**Work order**
Leave out the images and repeat the listing below without a single change.

**Given data**
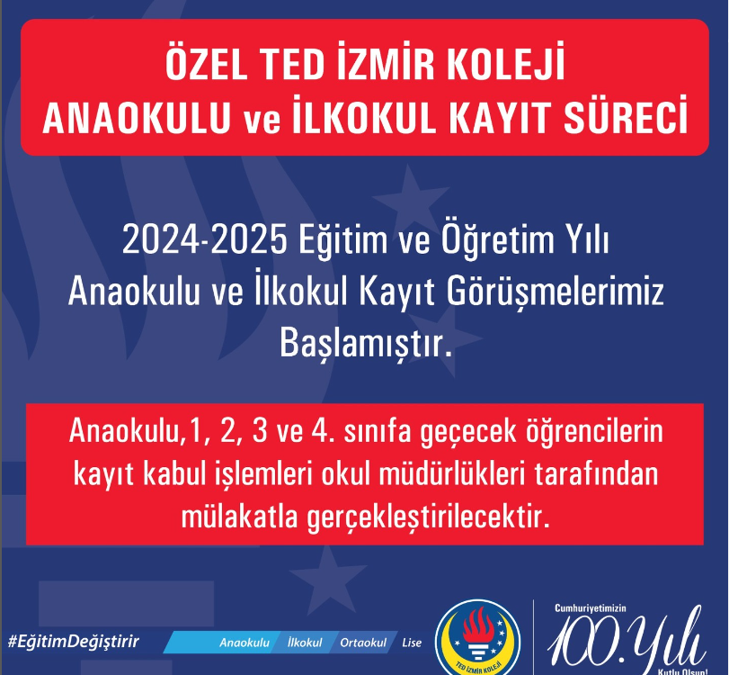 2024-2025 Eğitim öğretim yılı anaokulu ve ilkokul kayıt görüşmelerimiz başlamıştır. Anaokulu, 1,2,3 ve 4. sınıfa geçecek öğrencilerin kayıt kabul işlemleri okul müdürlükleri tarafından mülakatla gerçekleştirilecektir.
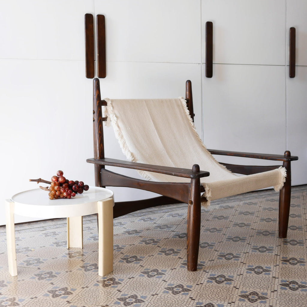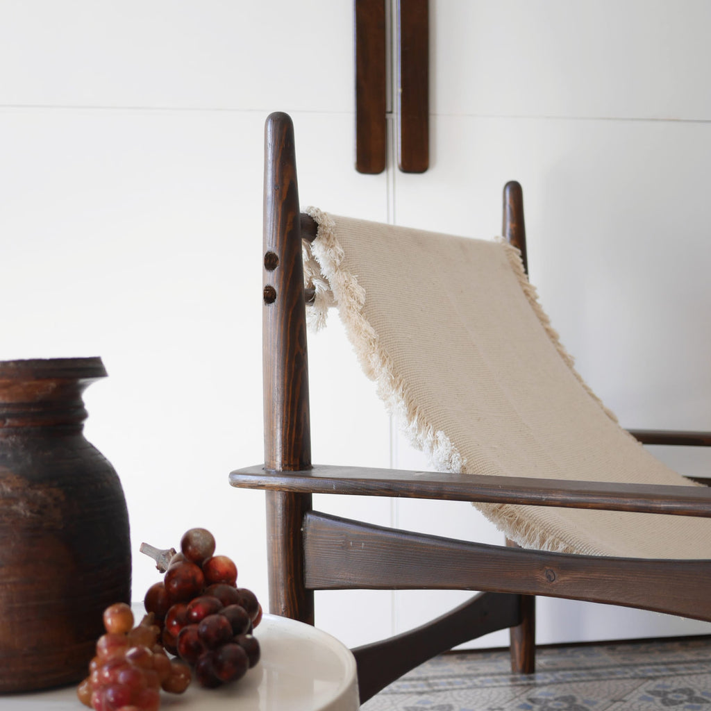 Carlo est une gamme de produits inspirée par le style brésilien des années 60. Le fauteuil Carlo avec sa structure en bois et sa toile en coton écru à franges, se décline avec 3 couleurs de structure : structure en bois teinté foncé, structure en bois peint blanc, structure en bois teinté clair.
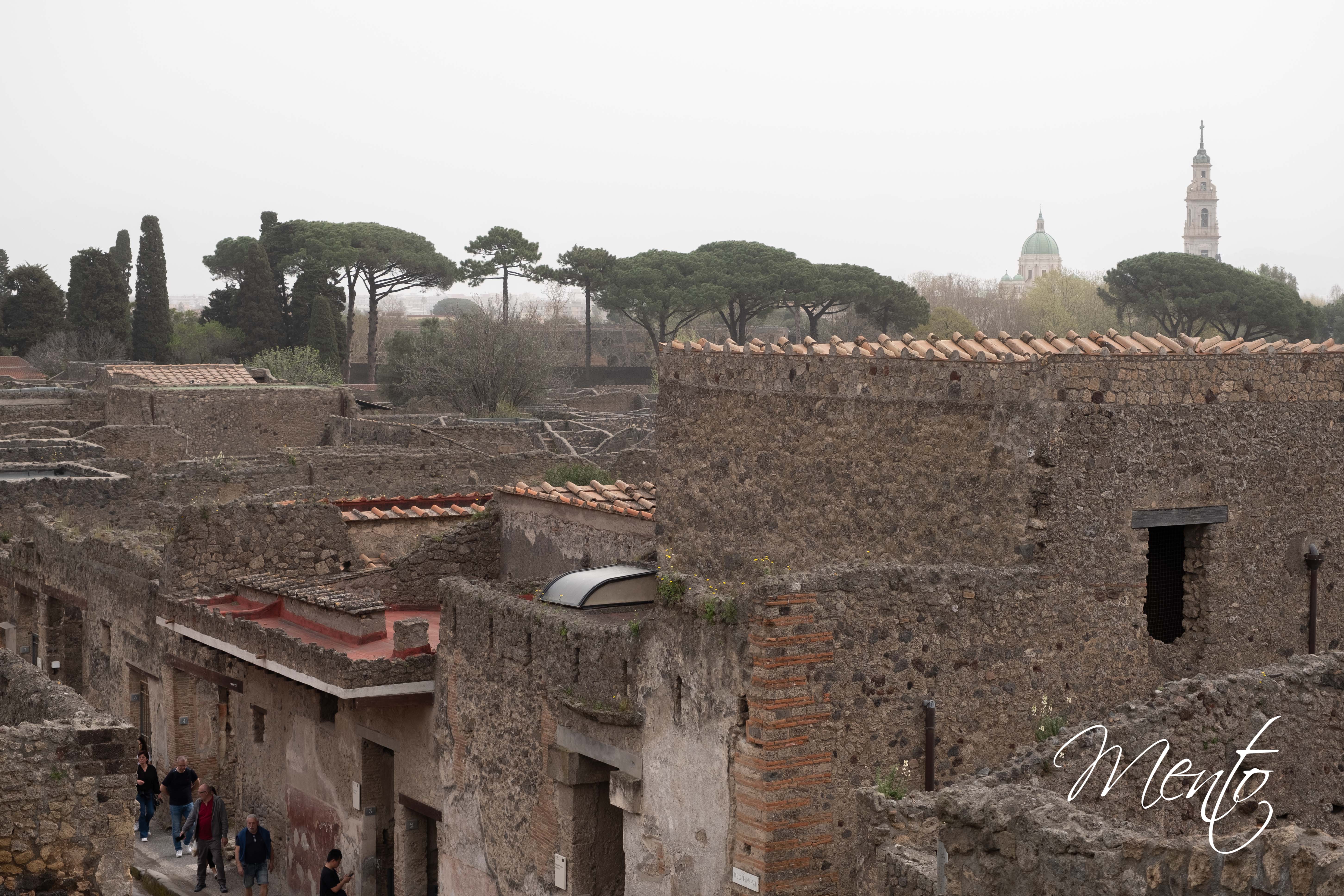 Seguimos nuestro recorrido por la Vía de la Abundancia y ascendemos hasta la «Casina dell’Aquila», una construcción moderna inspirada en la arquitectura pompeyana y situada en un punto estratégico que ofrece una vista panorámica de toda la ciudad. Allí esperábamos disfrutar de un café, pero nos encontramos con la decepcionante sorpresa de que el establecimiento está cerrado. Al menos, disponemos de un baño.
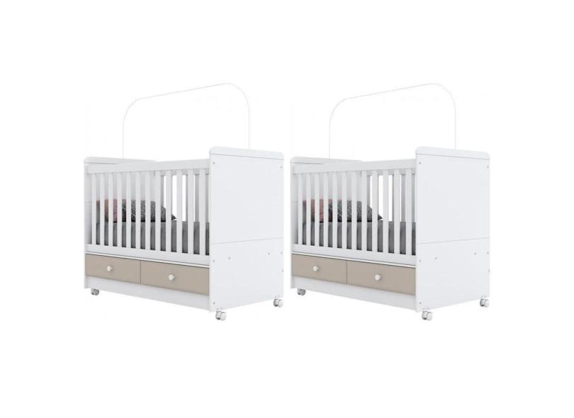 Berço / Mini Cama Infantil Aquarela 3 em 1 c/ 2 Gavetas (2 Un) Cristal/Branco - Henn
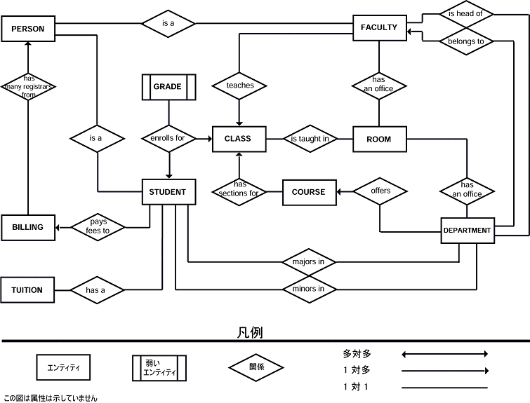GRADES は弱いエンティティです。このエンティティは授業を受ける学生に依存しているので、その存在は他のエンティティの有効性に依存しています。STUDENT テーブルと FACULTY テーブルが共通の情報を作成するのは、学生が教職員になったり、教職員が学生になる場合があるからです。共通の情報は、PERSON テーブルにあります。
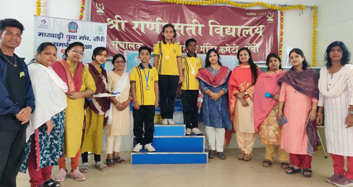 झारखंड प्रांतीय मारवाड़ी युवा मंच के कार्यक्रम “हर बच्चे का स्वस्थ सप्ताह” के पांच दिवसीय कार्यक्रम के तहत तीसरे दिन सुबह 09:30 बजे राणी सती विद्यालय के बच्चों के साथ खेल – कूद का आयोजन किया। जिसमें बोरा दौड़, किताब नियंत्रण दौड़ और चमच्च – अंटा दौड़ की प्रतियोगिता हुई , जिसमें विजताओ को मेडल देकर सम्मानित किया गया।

**Response**
 2024-2025 Eğitim öğretim yılı anaokulu ve ilkokul kayıt görüşmelerimiz başlamıştır. Anaokulu, 1,2,3 ve 4. sınıfa geçecek öğrencilerin kayıt kabul işlemleri okul müdürlükleri tarafından mülakatla gerçekleştirilecektir.
 Carlo est une gamme de produits inspirée par le style brésilien des années 60. Le fauteuil Carlo avec sa structure en bois et sa toile en coton écru à franges, se décline avec 3 couleurs de structure : structure en bois teinté foncé, structure en bois peint blanc, structure en bois teinté clair.
 Seguimos nuestro recorrido por la Vía de la Abundancia y ascendemos hasta la «Casina dell’Aquila», una construcción moderna inspirada en la arquitectura pompeyana y situada en un punto estratégico que ofrece una vista panorámica de toda la ciudad. Allí esperábamos disfrutar de un café, pero nos encontramos con la decepcionante sorpresa de que el establecimiento está cerrado. Al menos, disponemos de un baño.
 Berço / Mini Cama Infantil Aquarela 3 em 1 c/ 2 Gavetas (2 Un) Cristal/Branco - Henn
GRADES は弱いエンティティです。このエンティティは授業を受ける学生に依存しているので、その存在は他のエンティティの有効性に依存しています。STUDENT テーブルと FACULTY テーブルが共通の情報を作成するのは、学生が教職員になったり、教職員が学生になる場合があるからです。共通の情報は、PERSON テーブルにあります。
 झारखंड प्रांतीय मारवाड़ी युवा मंच के कार्यक्रम “हर बच्चे का स्वस्थ सप्ताह” के पांच दिवसीय कार्यक्रम के तहत तीसरे दिन सुबह 09:30 बजे राणी सती विद्यालय के बच्चों के साथ खेल – कूद का आयोजन किया। जिसमें बोरा दौड़, किताब नियंत्रण दौड़ और चमच्च – अंटा दौड़ की प्रतियोगिता हुई , जिसमें विजताओ को मेडल देकर सम्मानित किया गया।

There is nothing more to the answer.